But I really struggle to figure out how to set the resistance - the pedalling usually seems harder than reality (no chance to freewheel like on the road) but if I slacken off the tension my ave speed shoots to the mid twenties ( from mid teens) and I hit 40mph on occasional sprints. There's a line of rubber particles behind the rear wheel !
Also find it difficult to cycle smoothly, especially at sub 15mph speeds - on the downstroke there's precious little resistance and pedalling is just plain jerky. Perhaps there's not enough flywheel assistance.
Anyway, onwards and upwards as I my aim is to crack 4 miles in 12 mins, then build up to 5 miles etc. goal is to do that 10 miles in 30 mins which is just a tad quicker than I ever managed on my touring (now an Audax variant) on the road.


----------



## NorthernSky (26 Dec 2012)

are you using a dedicated turbo trainer tyre Liffy99. they are nice smooth and might help with your sessions


----------



## jdtate101 (26 Dec 2012)

Liffy99 said:


> Don't laugh !
> I've not done much cycling for over a decade and then basically touring holidays, 15 mile commutes and a couple of short Audax rides. So now I'm hopelessly unfit, in my 50s and to confound matters, tore a knee ligament back in August which is taking months to heal.
> So bought a TACX Sirius turbo trainer a couple of weeks ago to try and get a bit more exercise. And boy, is it hard work ! I started off thinking I'll do 10 miles and gradually improve my time. Ha ha, after 2 I was done in, knee aching and had had enough. Since then I've added 0.1 mies each session and built up to 4 miles, with reducing times (now about 13 mins).
> But I really struggle to figure out how to set the resistance - the pedalling usually seems harder than reality (no chance to freewheel like on the road) but if I slacken off the tension my ave speed shoots to the mid twenties ( from mid teens) and I hit 40mph on occasional sprints. There's a line of rubber particles behind the rear wheel !
> ...


 
Set the turbo on a light resistance where you can pedal in the lower half of the cassette (big ring) at about 20mph and do it where you are sweating, but not going into the red. This will be about approx to road riding at 20mph.
Magnetic resistance trainers can be tricky to get right as they have a liner resistance model (ie constant resistance independent of speed), whereas fluid and air turbo's have an infinite curve, which increases the more speed you pour on no matter what gear.


----------



## Liffy99 (26 Dec 2012)

jdtate101 said:


> Set the turbo on a light resistance where you can pedal in the lower half of the cassette (big ring) at about 20mph and do it where you are sweating, but not going into the red.

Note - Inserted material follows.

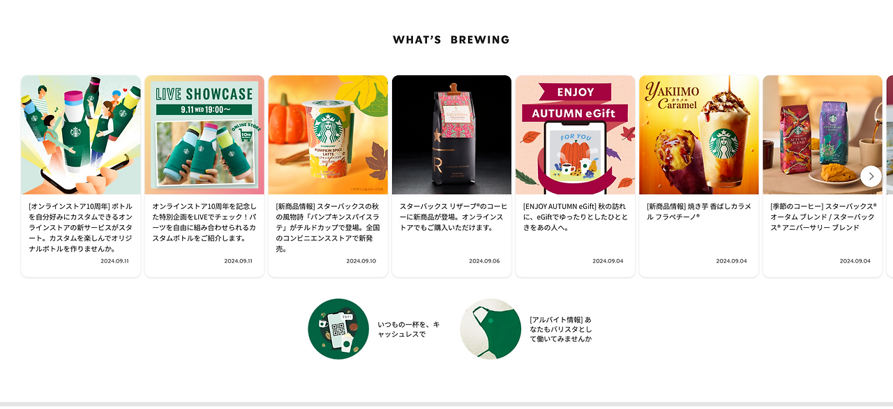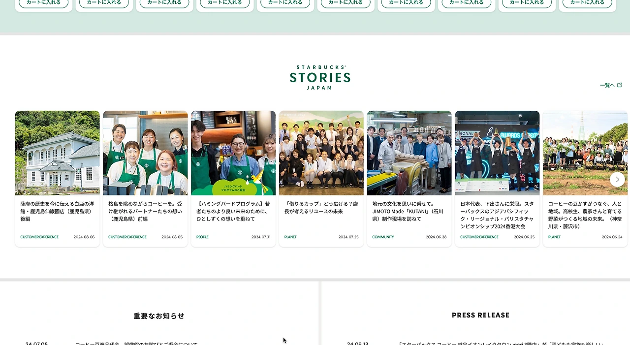 꽤나 흥미로웠던 것은 Starbucks Stories Japan의 섹션의 캐러셀이었다. 스타벅스의 사회적 활동과 지역사회와의 연결, 매장 파트너들의 이야기, 그리고 환경보호에 대한 이야기였다. 일본 스타벅스가 추구하는 가치와 비전을 나타내고 고객과 사회적 관계를 중시하는 철학을 느낄 수 있었다.
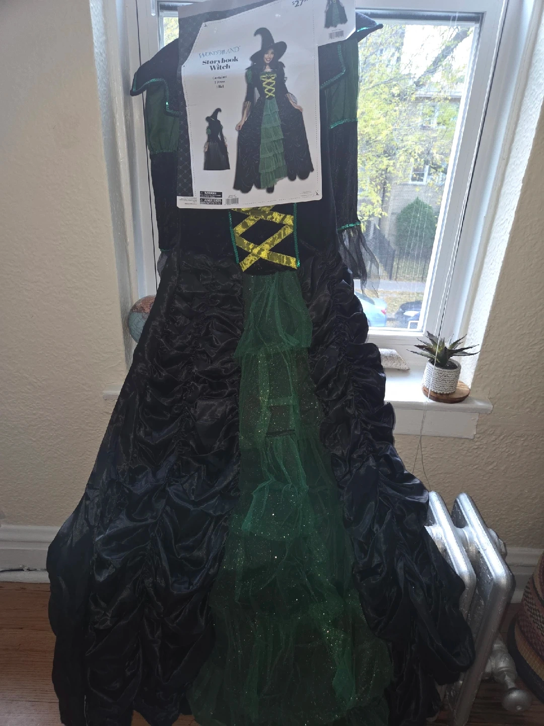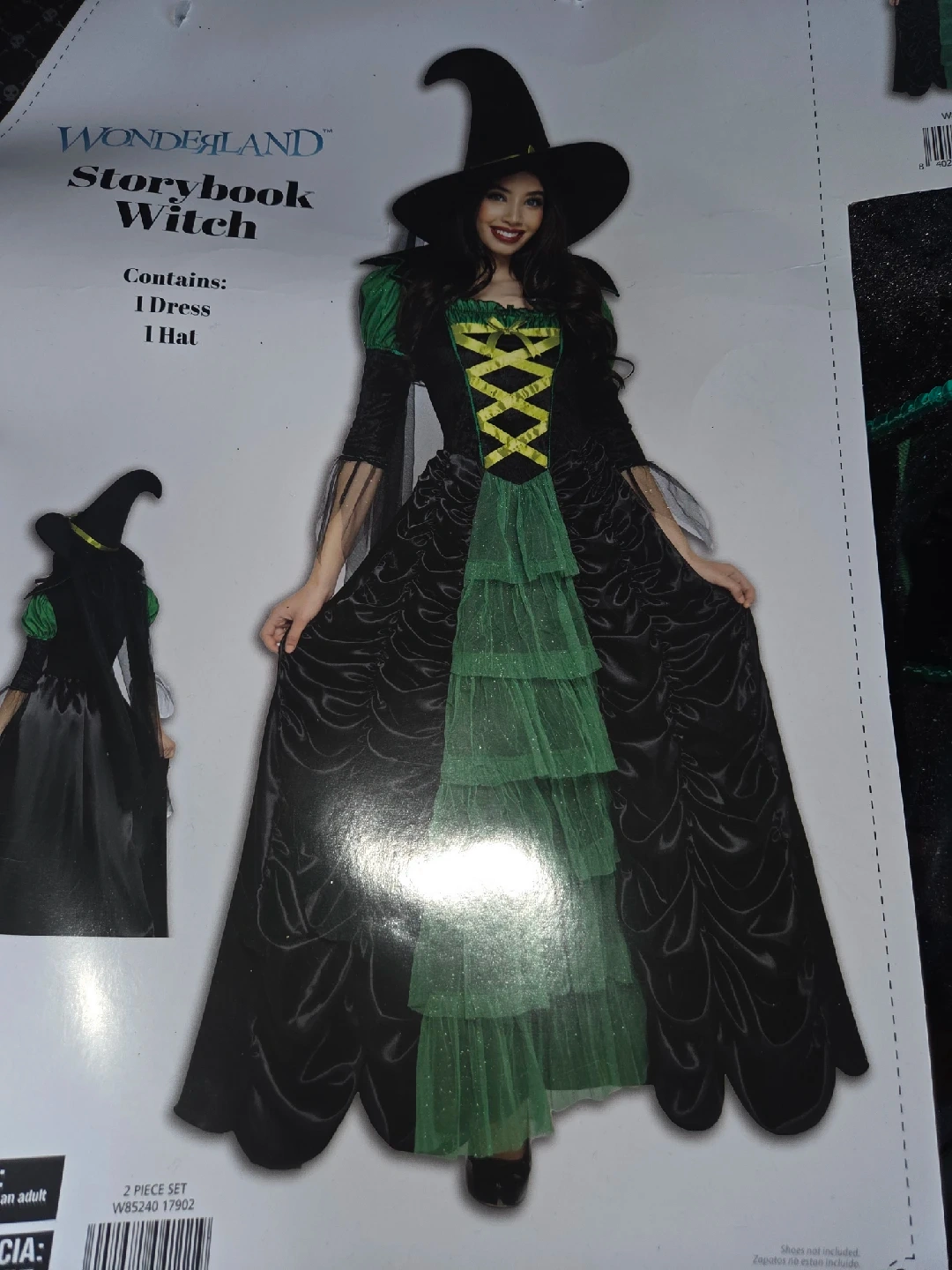 32Get ready for Halloween with this Wonderland Storybook Witch costume! It includes a dress and a hat, perfect for an adult. The costume features a black dress with green accents and a matching witch hat. It's a 2-piece set W85240 17902.

This will be about approx to road riding at 20mph.
> Magnetic resistance trainers can be tricky to get right as they have a liner resistance model (ie constant resistance independent of speed), whereas fluid and air turbo's have an infinite curve, which increases the more speed you pour on no matter what gear.


Thanks
Is that big ring at front and the bigger (lower gear) rings ant the rear ?
I'll look into the tyre choices as it's chewing my new rear one at a rate of knots.


----------



## jdtate101 (26 Dec 2012)

Liffy99 said:


> Thanks
> Is that big ring at front and the bigger (lower gear) rings ant the rear ?
> I'll look into the tyre choices as it's chewing my new rear one at a rate of knots.


 
Yeah, go for biggest chainring at the front, and halfway up on the rear (that way you can go either harder or easier by changing gears)


----------



## Liffy99 (26 Dec 2012)

Hmmmm, seems the Christmas spirit might be of the wrong sort !
Anyway, have set up the tension again and tried to approximate the combination of big ring plus mid cluster to what I remember cycling at 20 mph feels like (setting 4 on the turbo trainer friction control).
But now I get a really heavy vibration that goes right through the trainer and the bike - guess I'll need to experiment a bit more unless anyone knows what might cause this - not just the small vibration and noise as usual, but a really strong vibration.


----------



## amaferanga (26 Dec 2012)

Liffy99 said:


> Thanks
> Is that big ring at front and the bigger (lower gear) rings ant the rear ?
> I'll look into the tyre choices as it's chewing my new rear one at a rate of knots.


 

You've probably got the tension on the tyre set too high then cos regular tyres should be fine on a turbo and certainly shouldn't be getting chewed. I do several hours a week on the turbo through the winter months and one regular tyre will last more than a winter (probably several).


----------



## jdtate101 (27 Dec 2012)

Also make sure the thing is absolutely level and has no wobble.


----------



## Rob3rt (27 Dec 2012)

jdtate101 said:


> Set the turbo on a light resistance where you can pedal in the lower half of the cassette (big ring) at about 20mph and do it where you are sweating, but not going into the red. This will be about approx to road riding at 20mph.
> Magnetic resistance trainers can be tricky to get right as they have a liner resistance model (ie constant resistance independent of speed), whereas fluid and air turbo's have an infinite curve, which increases the more speed you pour on no matter what gear.


 
Excuse me whilst I interject (not directly in response to your comment jdtate101, but sort of related):

FORGET SPEED ON THE TURBO TRAINER!

You should care only about "duration at intensity".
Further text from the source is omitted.